**Listed entries:**
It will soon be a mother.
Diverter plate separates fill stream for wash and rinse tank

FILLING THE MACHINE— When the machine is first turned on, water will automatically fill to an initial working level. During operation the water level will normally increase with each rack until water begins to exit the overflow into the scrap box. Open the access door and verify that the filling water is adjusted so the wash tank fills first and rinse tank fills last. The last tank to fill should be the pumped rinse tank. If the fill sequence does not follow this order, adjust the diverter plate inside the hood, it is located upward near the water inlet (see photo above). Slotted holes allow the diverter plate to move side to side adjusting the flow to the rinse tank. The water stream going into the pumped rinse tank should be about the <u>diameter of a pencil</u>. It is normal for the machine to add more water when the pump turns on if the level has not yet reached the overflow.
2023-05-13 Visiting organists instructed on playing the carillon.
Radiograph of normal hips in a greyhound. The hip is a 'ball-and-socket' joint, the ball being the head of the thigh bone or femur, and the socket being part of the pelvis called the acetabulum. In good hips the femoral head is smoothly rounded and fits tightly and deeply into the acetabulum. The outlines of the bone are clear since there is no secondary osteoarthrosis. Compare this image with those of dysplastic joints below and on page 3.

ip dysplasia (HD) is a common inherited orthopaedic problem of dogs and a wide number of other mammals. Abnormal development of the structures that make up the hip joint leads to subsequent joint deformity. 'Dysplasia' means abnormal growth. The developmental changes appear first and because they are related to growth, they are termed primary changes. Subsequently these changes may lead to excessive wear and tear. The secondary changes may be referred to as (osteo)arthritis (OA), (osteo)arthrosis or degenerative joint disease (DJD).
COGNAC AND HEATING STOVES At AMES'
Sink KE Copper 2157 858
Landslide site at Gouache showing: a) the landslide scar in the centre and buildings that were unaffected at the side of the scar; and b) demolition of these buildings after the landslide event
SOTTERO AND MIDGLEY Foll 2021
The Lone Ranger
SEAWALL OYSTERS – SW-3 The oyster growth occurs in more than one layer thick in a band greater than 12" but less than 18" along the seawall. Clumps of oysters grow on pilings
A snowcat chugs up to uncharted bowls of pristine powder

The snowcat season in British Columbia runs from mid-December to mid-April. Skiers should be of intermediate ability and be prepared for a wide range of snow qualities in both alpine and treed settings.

---

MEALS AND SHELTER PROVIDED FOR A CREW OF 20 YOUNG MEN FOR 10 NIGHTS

**What the task requires:** Print the lines above from the one with "Landslide site at" through the one with "The snowcat season", both included, exactly as written and nothing more.

**Output below:**
Landslide site at Gouache showing: a) the landslide scar in the centre and buildings that were unaffected at the side of the scar; and b) demolition of these buildings after the landslide event
SOTTERO AND MIDGLEY Foll 2021
The Lone Ranger
SEAWALL OYSTERS – SW-3 The oyster growth occurs in more than one layer thick in a band greater than 12" but less than 18" along the seawall. Clumps of oysters grow on pilings
A snowcat chugs up to uncharted bowls of pristine powder

The snowcat season in British Columbia runs from mid-December to mid-April. Skiers should be of intermediate ability and be prepared for a wide range of snow qualities in both alpine and treed settings.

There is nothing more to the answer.